One research focus at the Robotics and Mechatronics Center of the German Aerospace Center in Oberpfaffenhofen is the improvement of robotic locomotion capabilities. Therefore, natural role models are analyzed. As an inspiration, mammalian locomotion is analyzed, which is unmatched in its energy efficiency and adaptility due to the opitmal integration of control strategies and intrinsic body dynamics. In an attempt to recreate this integration in robotic hardware, the compliant quadruped Bert has been developed and built as a test platform. As a contribution towards this goal, this thesis investigates the excitation of nonlinear intrinsic motions of one individual leg of the robot Bert. Springs in the joints of the leg enable dynamic motions. As first approach to model the individual leg in Matlab for the controller design process, an elastic double pendulum is set up. This is followed by the consideration of different modelling methods such as the Pfaffian constraints method and the active joints method. These methods lead to a leg model.
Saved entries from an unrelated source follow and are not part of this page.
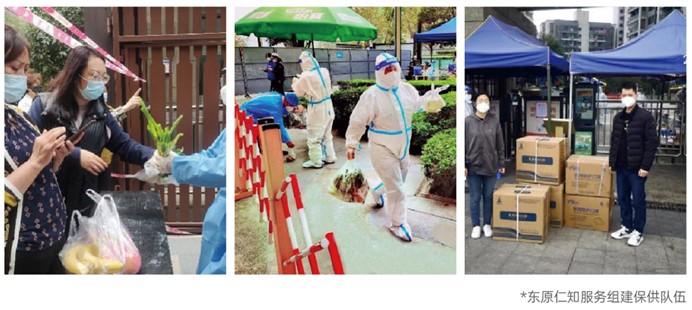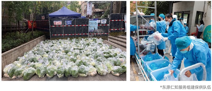同时东原仁知还在各个项目建立了统一的保供服务队伍,负责给封控业主提供线上咨询、物资分拣配送、商品售后等服务。特别是一些重点封控、无法进出的楼栋,保供服务队伍与社区志愿者一起将物资进行分拣、单独配送至封控楼栋大堂。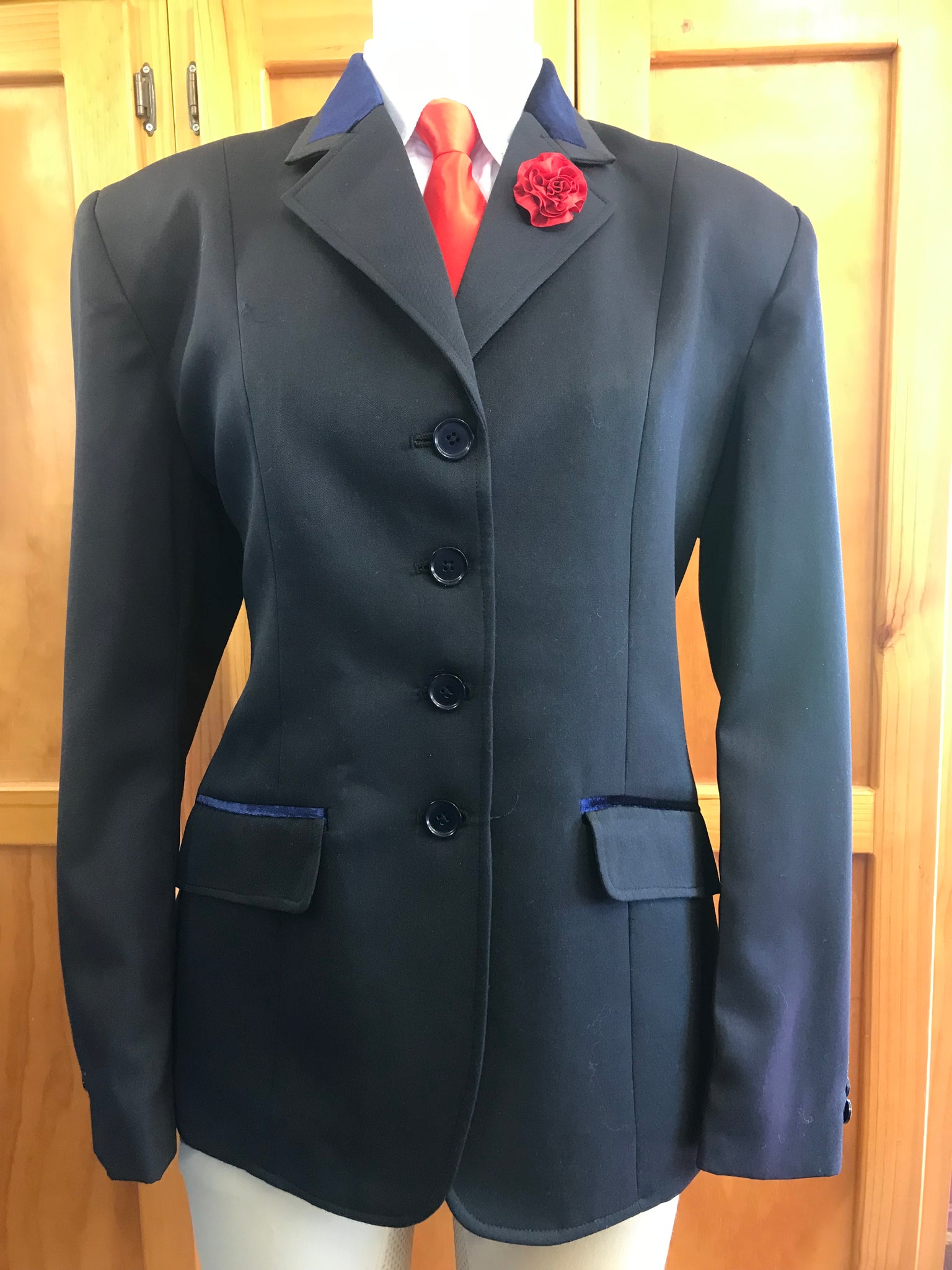 We Have This Navy Open Dressage Jacket Navy Velvet Trims and Buttons, Adults Jacket Now Available. This Jacket Is Perfect For Someone Who Loves To Stand Out In The Ring. Available In Adults Size 16 Only.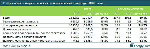 Общий объем креативно-развлекательных услуг составил 24 миллиарда тенге за полугодие. Более 80 процентов всех услуг относятся к концертной (42,6 процента) и театральной (40 процентов) деятельности, в то время как услуги цирков составили лишь 2 процента.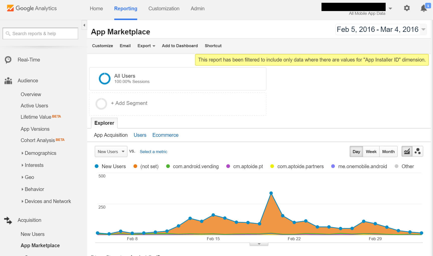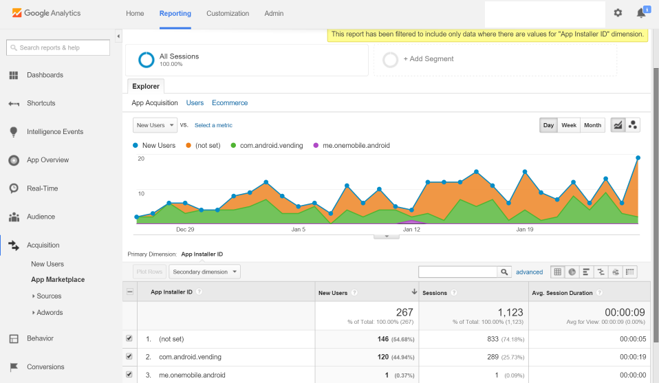 我仍在努力让我的免费游戏应用程序被发现,并注意到我的新下载大部分来自‘(而不是设置),根据谷歌分析/Aquisition/Analytics。尽管有一个‘这个报告已经过滤,只包括数据,在页面上有“”维度的值的数据。根据医生的说法:
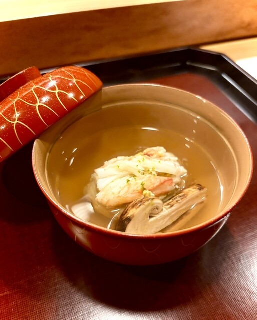 贅沢にカニの身、カニ味噌、松茸の入ったしんじょうはレンコンのサクサク具合と松茸の香りがたまらない一品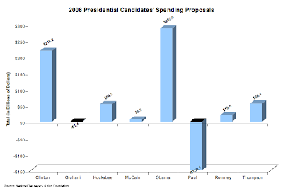 I did some checking on these figures, and what I don't like about this graph is that it represents new expenditures only. Take this analysis from the same source (http://www.ntu.org/pdf/P0801Obama_Analysis.pdf). M. Iraq – Withdrawal:“All Combat Troops Redeployed by 2009: Barack Obama would immediately begin redeployingAmerican troops from Iraq. The withdrawal would be strategic and phased, directed by militarycommanders on the ground and done in consultation with the Iraqi government. Troops would beremoved from secure areas first, with troops remaining longer in more volatile areas. Thedrawdown would begin immediately with one to two combat brigades redeploying each monthand all troops engaged in combat operations out by the end of next year.”http://my.barackobama.com/page/-/pdf/Fact%20Sheet%20Iraq%20Final.pdfCost: Unknown.Note: Depending on how long it will take to complete the demobilization, and where andhow the troops are re-deployed, this may or may not have significant savings.May or may not have significant savings? I'm not sure if that represents a fair analysis. Besides, if Obama wants to put $100 billion into healthcare and $30 billion into education, science, and research, then I'm all for them.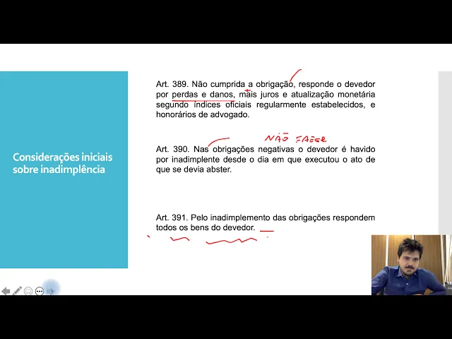 e sass tudo que está aqui na charrete carrega de carregando aí sobre a obrigação é justamente são as sanções relativas ao não cumprimento da obrigação é o psol considerações aí importantes do que vem a ser a inadimplida a inadimplência no artigo 38 9 nós temos o seguinte que não cumprida a obrigação ou seja o vendo a inadimplência da obrigação responde o devedor por perdas e danos chamado na em juros e atualização monetária segundo índices oficiais também regularmente estabelecidos e também chamados honorários de advogado então nós temos aqui pessoal que não cumprido essa obrigação o devedor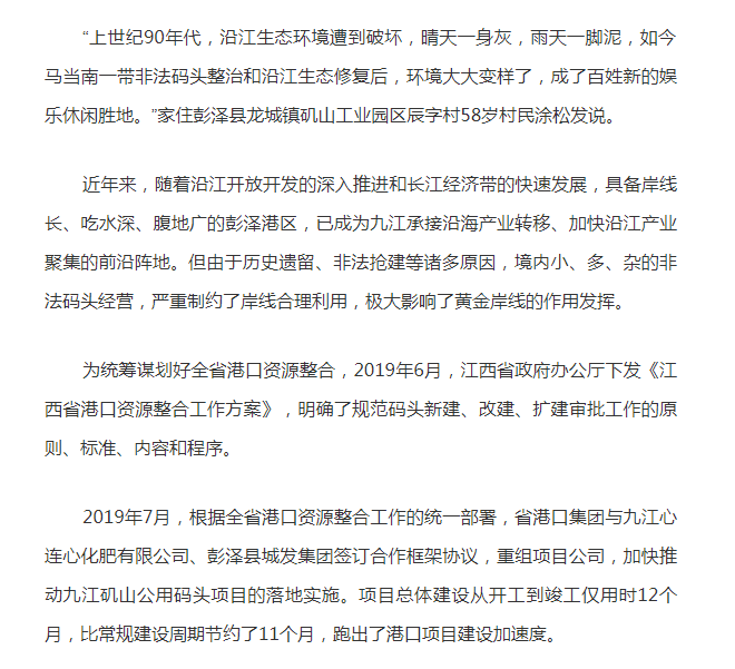 如今,九江矶山公用码头建成且具备运营条件,迈出了全省港口资源整合项目的一小步,却是推动全省港口一体化发展的一大步。彭泽县城发集团建设发展部相关负责人吴疆琳介绍:“在九江矶山工业园就业的工人基本上是本县或者周边县区的居民,每人每天能赚200元至300元。”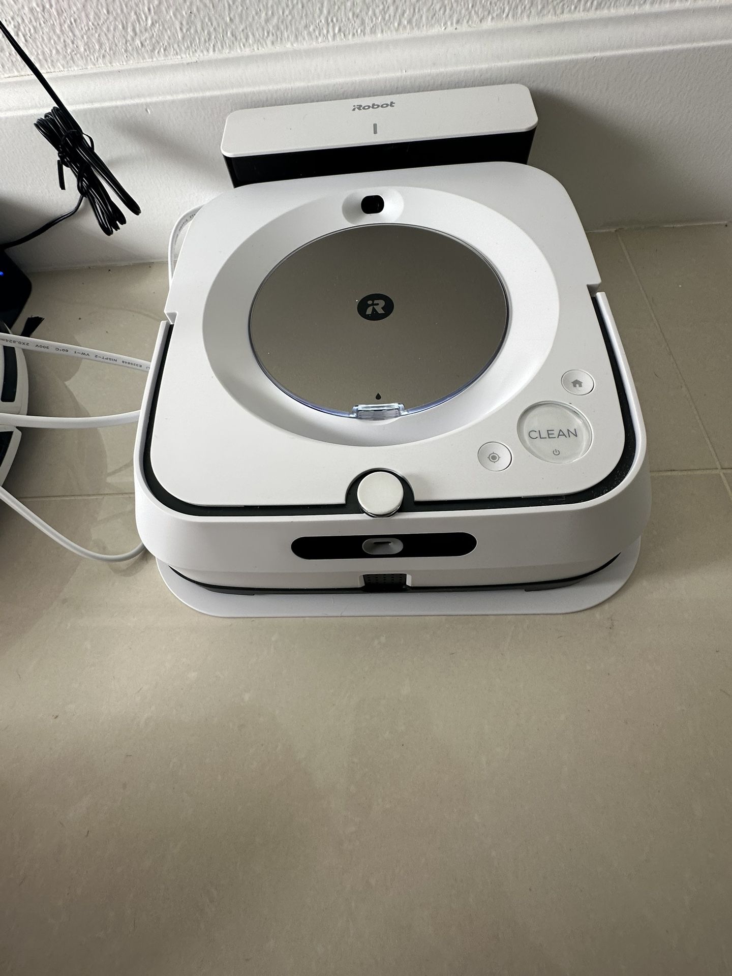 New bra a m6 used twice unfortunately my dogs are not fans of it. Works great comes with box and some extra mop and sweeper pads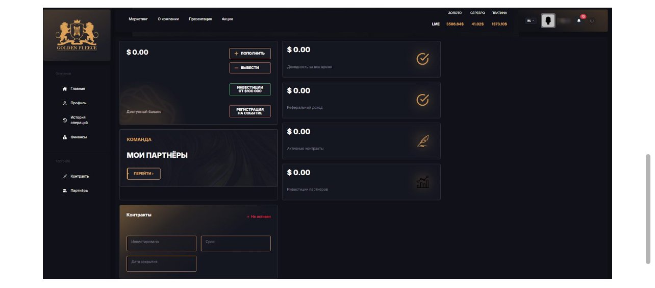 After registration an investor's personal account opens. There you can choose contracts to invest in Golden Fleece Invest Group, top up the balance or send a withdrawal request.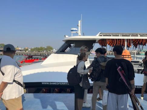 Pattayáról egyik nap a Koh Samet, egyes források szerint Koh Samed szigetre mentünk az orosz társasággal. A kikötőig 80 km az út, 2-3 sávos osztottpályás útvonalon haladtunk. Érdekes, még a 4 sávos osztottpályás utakon is van visszafordulást lehetővé tevő sáv. A kikötőben sokat kellett várni a beszállásra. Addigra a beérkező nyolc darab 12 fős busz utasaival elég sokra nőtt a számunk. A 25-30 évkörüli kísérőnk egy szót nem beszélt angolul. Várakozás közben ötpercenként nagy durrogás támadt, hangoltak a fiúk a kínai új év megmozdulásaira. A nagy parkoló útfelülete tele volt eldurrant patronokkal.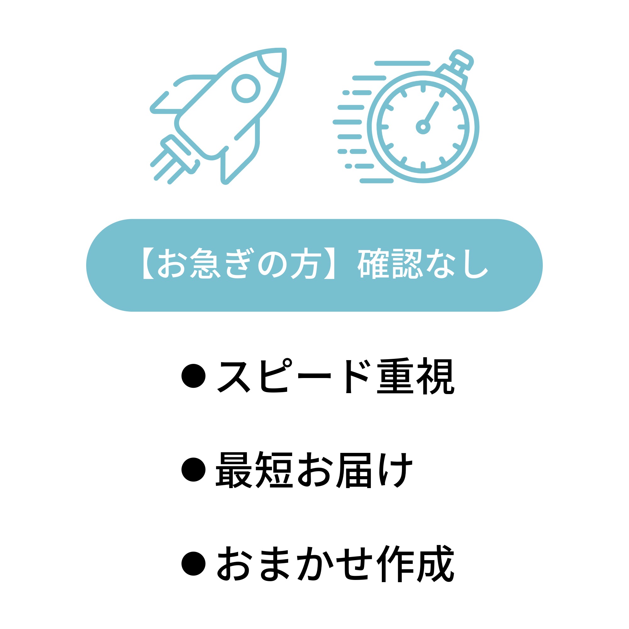 お届けまでのスピードを最優先するプランです。 ⚫︎こんな方に: お祝いの日が迫っている方、プロにおまかせしたい方。 ⚫︎流れ: ご注文受付後、すぐに制作・梱包・発送へと進みます。 ⚫︎発送時期: 2営業日以内〜翌営業日に発送いたします。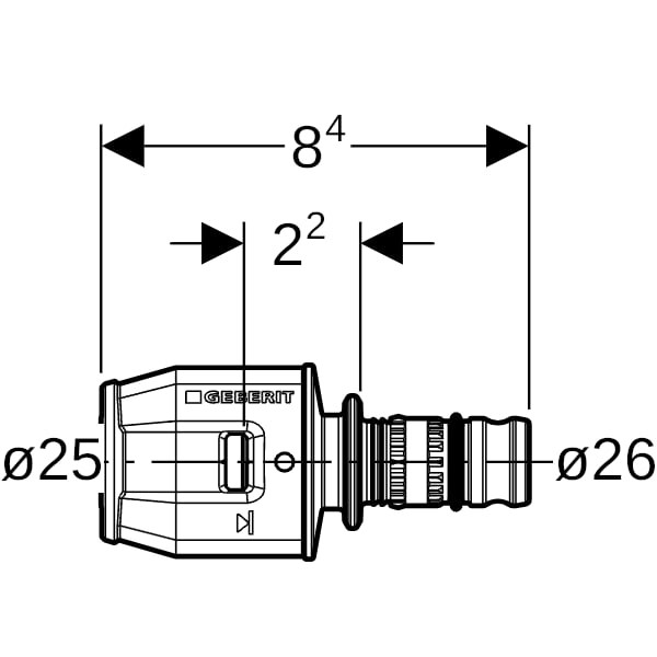 Geberit Übergang PushFit Ø 25 x 26 mm, auf Mepla, PVDF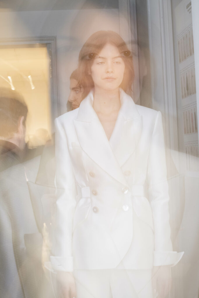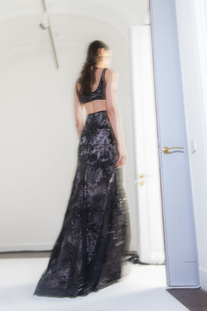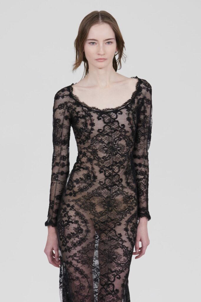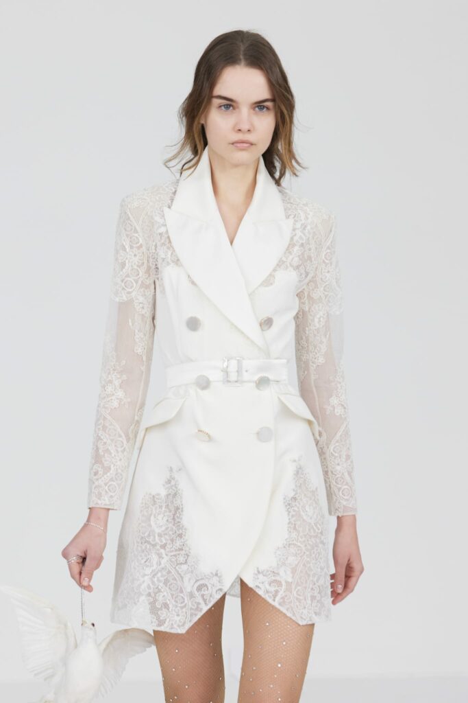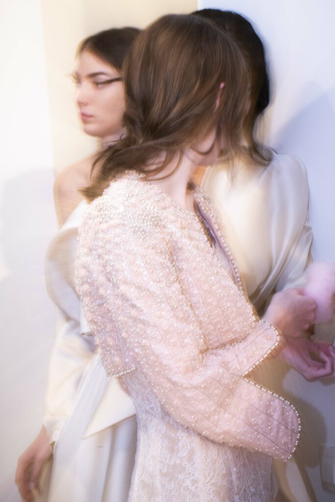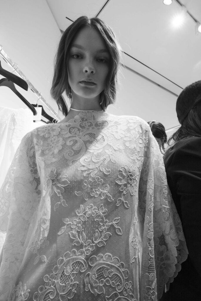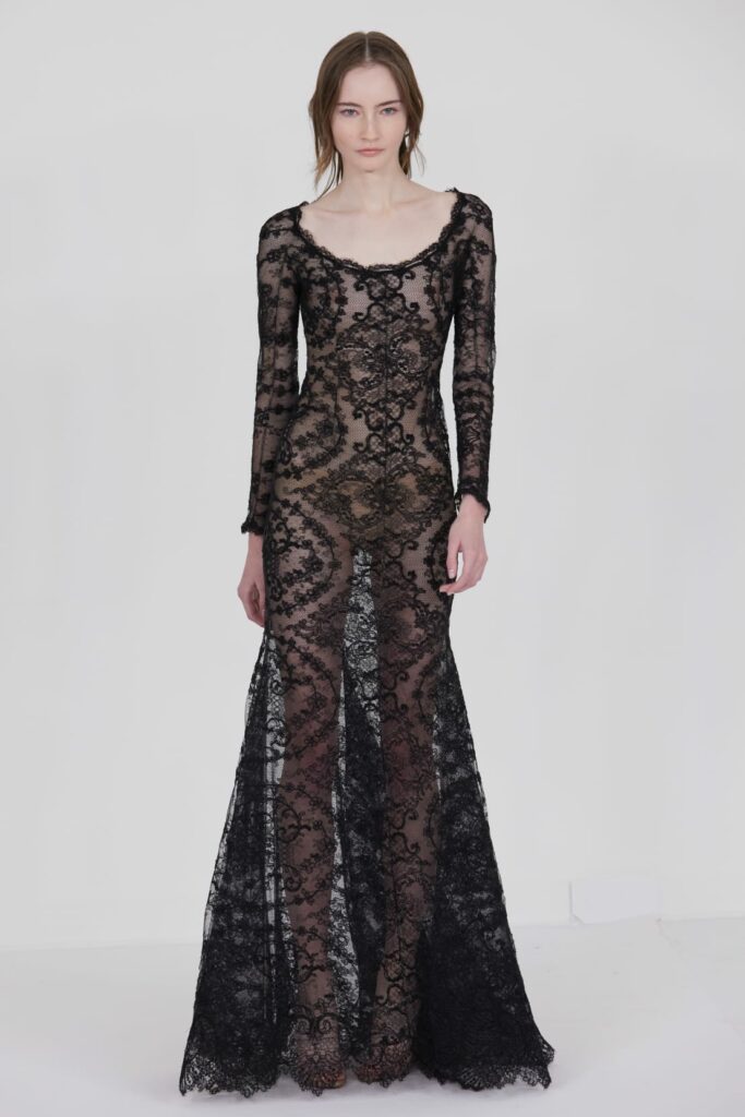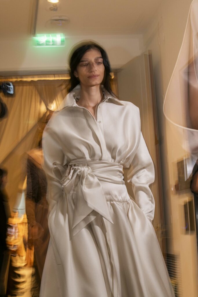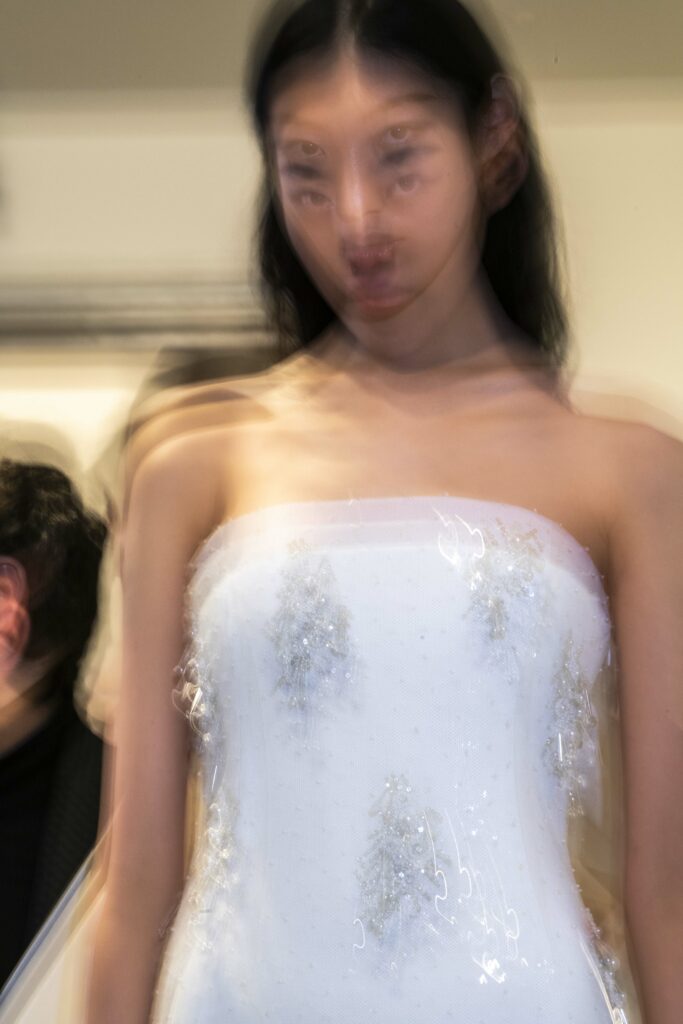 Le défilé s’ouvre sur une robe smoking en crêpe blanc, réhaussée de dentelle de Lyon et de boutons de nacre, établissant d’emblée le ton d’une élégance sobre mais sophistiquée. Cette approche se retrouve dans toute la collection, où la dentelle de Lyon, le satin, les cristaux, les nacres et les perles jouent un rôle prépondérant, apportant une touche de lumière et de raffinement à des silhouettes déjà empreintes de grâce.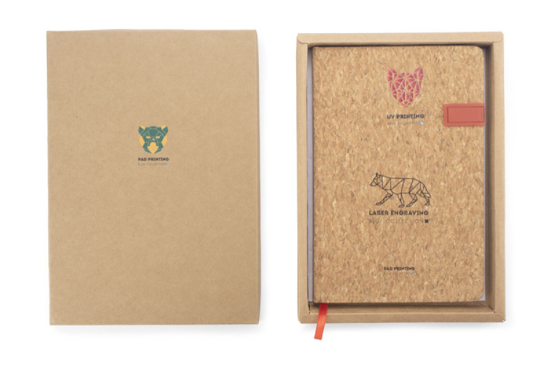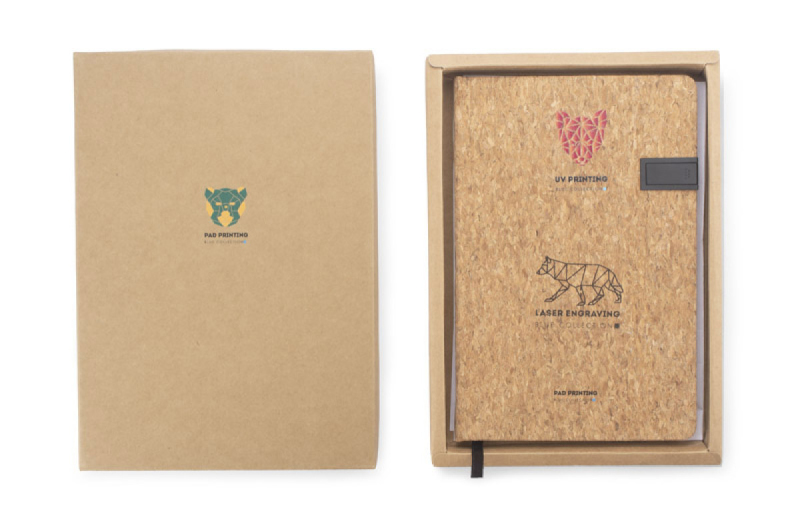 Zápisník v tvrdém korkovém obalu. Kryt má 16GB USB flash disk. Obsahuje 80 linkovaných listů. Stránky v poznámkovém bloku z papíru.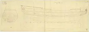 | Class and type | 44-gun fifth-rate ship of the line |

For the analysis of the intrinsic dynamics, the concept of nonlinear normal modes is used which was recently explored and published by the German Aerospace Center. After the nonlinear normal modes for the leg are computed, the influence of parameter variation on the shapes of manifold and generators is evaluated. Subsequently, a nonlinear normal mode is found that is a prominate candidate to excite an energy efficient hopping motion in the oneleg of Bert. To initialize and stabilize the modal oscillation, a position mode controller is evolved from an existing torque mode controller. After the control framework is set up, tests are performed in the 3D physics simulation software Gazebo with a digital twin of the Bert leg. The experiments showed that some modifications will be needed for the implementation of the developed position controller to work on the real hardware of the Bert leg. Nevertheless, the simulation experiments also showed that the controller is capable to stabilize modal oscillations with little control effort in an idealized system proving the developed control strategy to be highly energy efficient. As a result, this thesis takes another step towards the use of intrinsic system dynamics in the field of robotics based on natural role models.